[MORGAN, LEWIS & BOCKIUS LLP LETTERHEAD]
Exhibit 5.02
May 25, 2010
Entergy Texas, Inc.
639 Loyola Avenue
New Orleans, Louisiana 70113
Ladies and Gentlemen:
We have acted as counsel for Entergy Texas, Inc., a Texas corporation (the “Company”), in connection with the Registration Statement on Form S-3 (Registration Statement No. 333-153442), as amended (the “Registration Statement”), relating to $200,000,000 aggregate principal amount of the Company’s Mortgage Bonds, 3.60% Series due June 1, 2015 (the “Bonds”). The Bonds will be issued pursuant to the Company’s Indenture, Deed of Trust and Security Agreement, dated as of October 1, 2008, with The Bank of New York Mellon, as trustee (the “Trustee”) (the Indenture, Deed of Trust and Security Agreement, including the officer’s certificate establishing the terms of the Bonds, being hereinafter referred to as the “Mortgage”).
In our capacity as such counsel, we have examined the Registration Statement and the Mortgage, which has been filed with the Securities and Exchange Commission as an exhibit to the Registration Statement. As to questions of fact material to the opinions expressed herein, we have relied upon representations and certifications of officers of the Company and appropriate public officials without independent verification of such matters except as otherwise described herein. We have also examined or caused to be examined such other documents and have satisfied ourselves as to such other matters as we have deemed necessary in order to render this opinion. In such examination, we have assumed the genuineness of all signatures, the authenticity of all documents submitted to us as originals, and the conformity to the originals of the documents submitted to us as certified or photostatic copies and the authenticity of the originals of such latter documents. We have not examined the Bonds, except a specimen thereof, and we have relied upon a certificate of the Trustee as to the authentication and delivery thereof.
Subject to the foregoing and to the further exceptions and qualifications set forth below, we are of the opinion that the Bonds are legal, valid and binding obligations of the Company, subject to (i) applicable bankruptcy, insolvency, fraudulent conveyance, receivership, fraudulent transfer, preference, moratorium, reorganization or other similar laws affecting enforcement of mortgagees’ and other creditors’ rights and by general equitable principles (whether considered in a proceeding in equity or at law), including the possible unavailability of specific performance or injunctive relief, and (ii) concepts of materiality, reasonableness, good faith and fair dealing and the discretion of the court before which any proceeding therefor may be brought.

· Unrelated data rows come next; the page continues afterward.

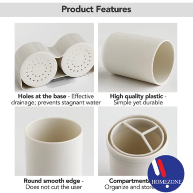 - Comes in 2 cups; 1 for compartmentalising toothpaste and toothbrush, 1 for rinsing
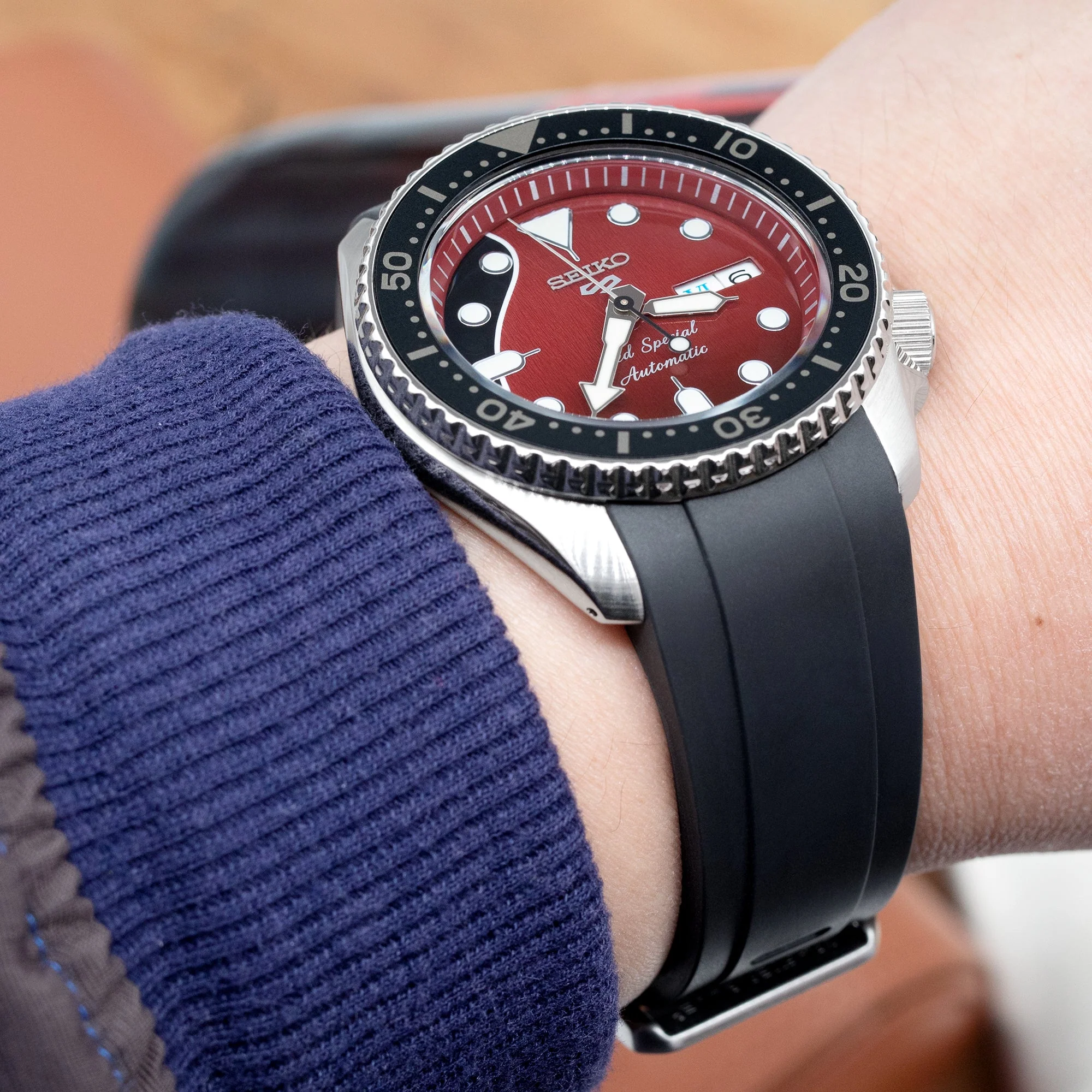 - Crafter Blue introduces its latest and most innovative FKM rubber strap crafted specifically for lug 22mm Seiko 5 Sports 2019 line. As pioneers in developing alternative watch straps for some iconic Seiko collections, Crafter Blue offers unparalleled comfort, style, and durability. This waterproof and highly supple design of the FKM rubber watch band makes it the ultimate choice for watch wearers.
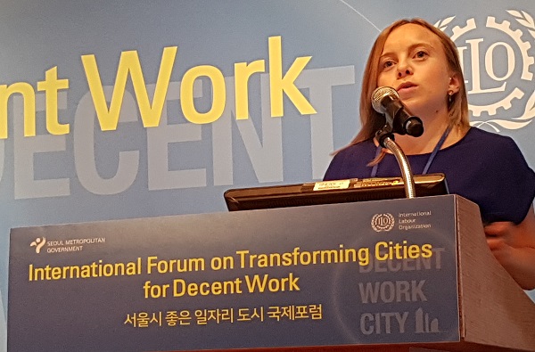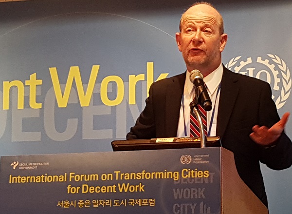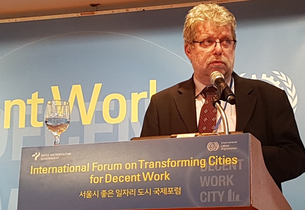 먼저 ‘좋은 일자리를 위한 도시 변혁’을 주제로 발표를 한 다니엘 코스트젤 국제노동기구` 아태지역본부(방콕) 선임 지역임금 전문가는 “노동자들은 새로운 노동기회와 더불어 도시화 및 도시의 급성장으로 인해 촉발된 여러 도전과제에 직면해있다”며 “일자리의 이질성, 다양한 숙련 요구조건, 개개인의 생산수단 접근성 문제를 넘어 소득불평등을 초래하고 있다”고 지적했다.
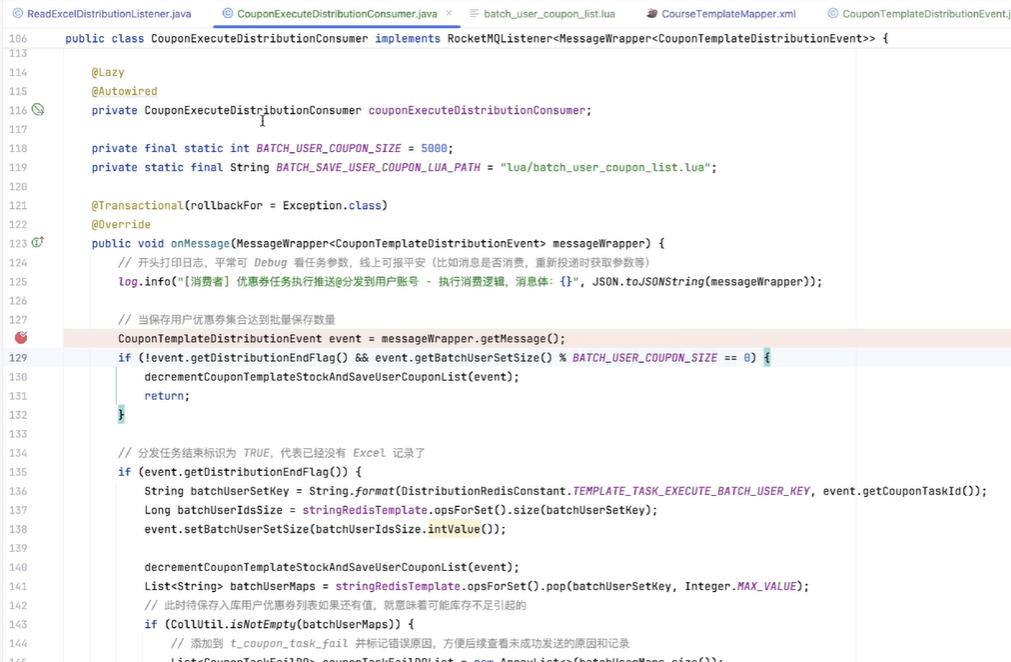 花开富贵 回复 浮语虚辞:3.CouponExecuteDistributionConsumer类 该消费者就是用来消费ReadExcelDistributionListener类发送的消息的,直接看onMessage方法即可 首先获取消息,然后看消息中分发任务标识是否为false 先来看分发任务标识为false的情况 如果为false并且消息中批次大小%BATCH_USER_COUPON_SIZE==0,那就表示后续还有数据没处理,并且当前缓存了一个批次的用户数据了,所以直接先处理这个批次的数据 然后直接执行decrementCouponTemplateStockAndSaveUserCouponList方法进行分发,这个方法才是真正干活的方法,传入的参数是CouponTemplateDistributionEvent event 该方法首先执行decrementCouponTemplateStock进行库存的扣减,传入的参数是CouponTemplateDistributionEvent event以及event中的批次大小 decrementCouponTemplateStock方法通过乐观锁机制来进行库存的扣减,扣减失败就从数据库中查询最新的库存,然后递归调用自身用当前库存数量重新扣减,递归的目的是为了缩小扣减数量,直到库存扣减或库存为0 decrementCouponTemplateStock方法最终返回的是实际扣减的数量,然后赋值给couponTemplateStock 如果couponTemplateStock小于等于0,表示库存不够了,那就decrementCouponTemplateStockAndSaveUserCouponList方法直接return退出不干活 如果couponTemplateStock大于0,表示扣减成功了couponTemplateStock个(可能并不是都扣减成功了) 那就从缓冲队列里面pop出couponTemplateStock个数据,赋值给List<String> batchUserMaps,因为couponTemplateStock个肯定都是扣减成功的,所以可以放心处理 处理的方式就是,遍历这个集合,然后转回map(因为存入的时候就是存储userId以及在excel中对应行数rowNum的转为json的map) 然后让对应的行号、用户id、优惠券id、领取数量也就是1等信息构建为UserCouponDO类然后存入List<UserCouponDO> userCouponDOList集合中,最后批量插入用户优惠券表中(也就是执行batchSaveUserCouponList方法),这就表示领取成功了
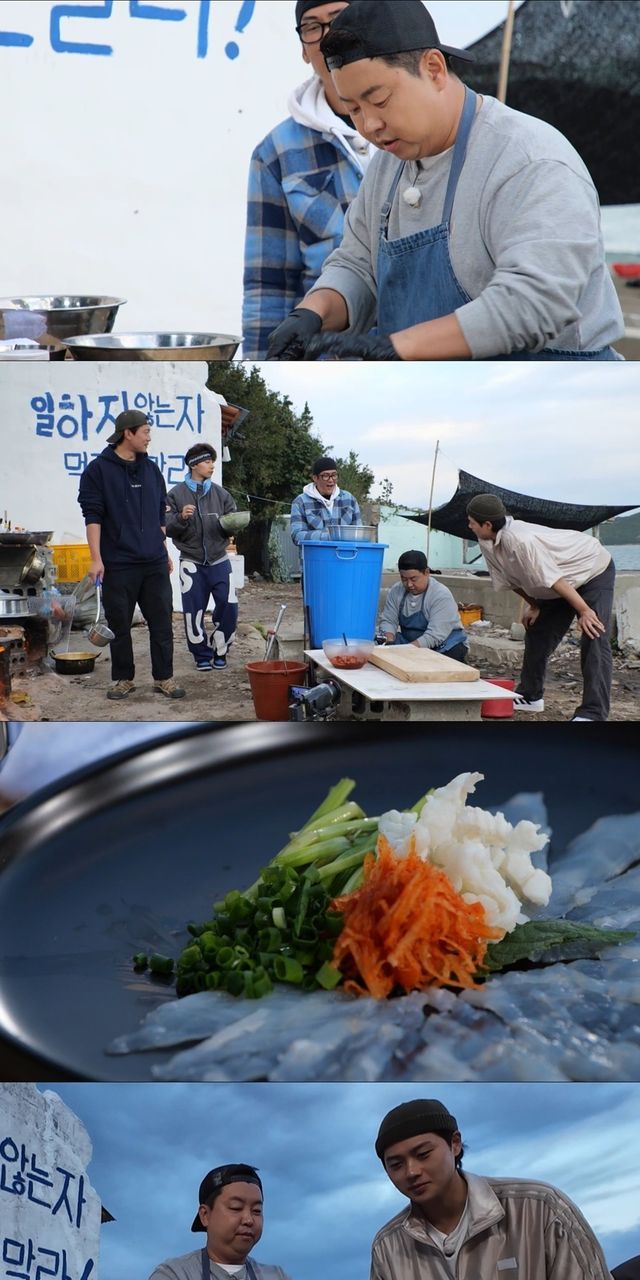 복어의 독이 든 부분을 제거하고, 이를 위해 사용했던 도구까지 다시 한번 깨끗하게 씻는 등 안전에 만반을 기하는 정호영. 평소에는 볼 수 없는 진귀한 풍경에 일꾼들은 그의 주변에 옹기종기 모여 질문 퍼레이드를 퍼붓는다. 특히 오상욱은 “상처 난 손으로 복어를 만지면 죽는 건가?”라며 호기심 가득한 질문으로 웃음을 자아낸다고 해 기대를 더한다.
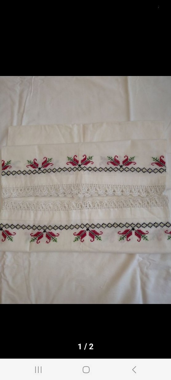 Nakışlı çiçek desenleri ve ince dantel süslemeleri olan beyaz işleme yastik , klasik tarzda. 1 metre iki ucu kanavice
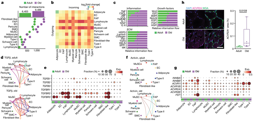 (a) 成人(绿色)和老年人(紫色)年龄组中每种细胞类型的预测相互作用(L-R 对)的数量。(b) 每种细胞类型的发送信号(传出,水平侧)和接收信号(传入,垂直侧)数量随老化的差异倍数。 (c) 成人(绿色)和老年人(紫色)年龄组中每个描绘的交互组的所有对之间的交互概率差异(相对信息流)的总和。(d) 成人(上)和老年人(下)的 TGFβ 信号网络。(e) 成人(绿色)和老年人(紫色)肌肉中与 TGFβ 信号通路相关的基因的表达水平。(f) 信号网络。(g) 激活素信号通路和肌肉萎缩相关基因的表达水平。(h)免疫荧光分析。
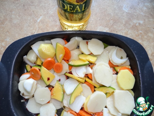 Овощи и манго порезать кругами (полукругами), подсолить по вкусу, добавить сушеных специй, масло и размешать;
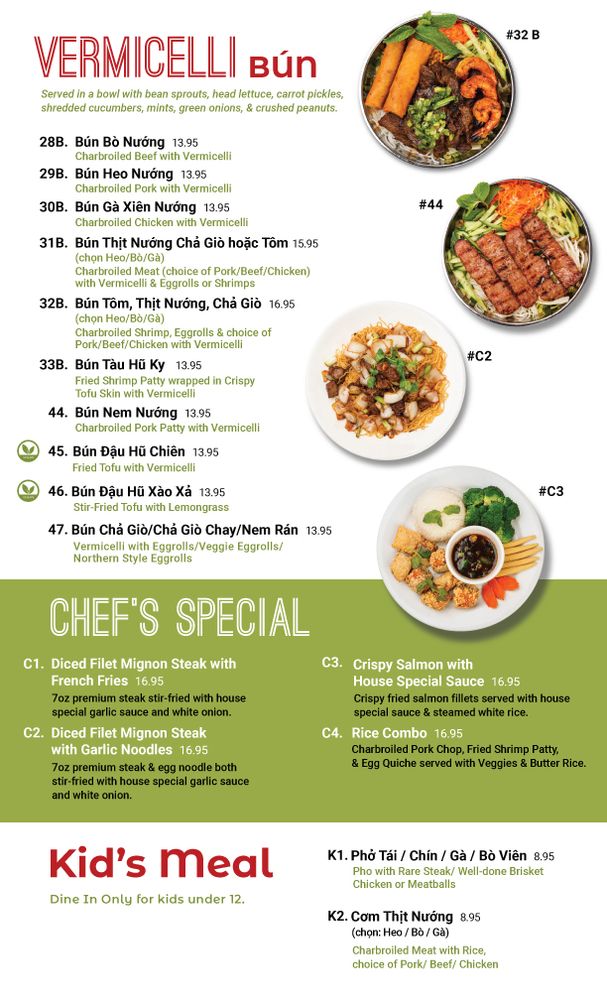 Bun Tom, Thit Nuong, Cha Gio (Chon: Heo / Bo/ Ga)

This opinion is limited to the laws of the States of New York and Texas and the federal laws of the United States of America. As to all matters of Texas law, we have relied upon the opinion of even date herewith addressed to you of Clark, Thomas & Winters, A Professional Corporation, Texas counsel to the Company, which is being filed as Exhibit 5.01 to the Registration Statement.
We hereby consent to the filing of this opinion as Exhibit 5.02 to the Registration Statement and to the references to our firm, as counsel, in the Registration Statement and in the prospectus contained therein. In giving the foregoing consent, we do not admit that we are within the category of persons whose consent is required under Section 7 of the Securities Act of 1933, as amended, or the rules and regulations promulgated thereunder.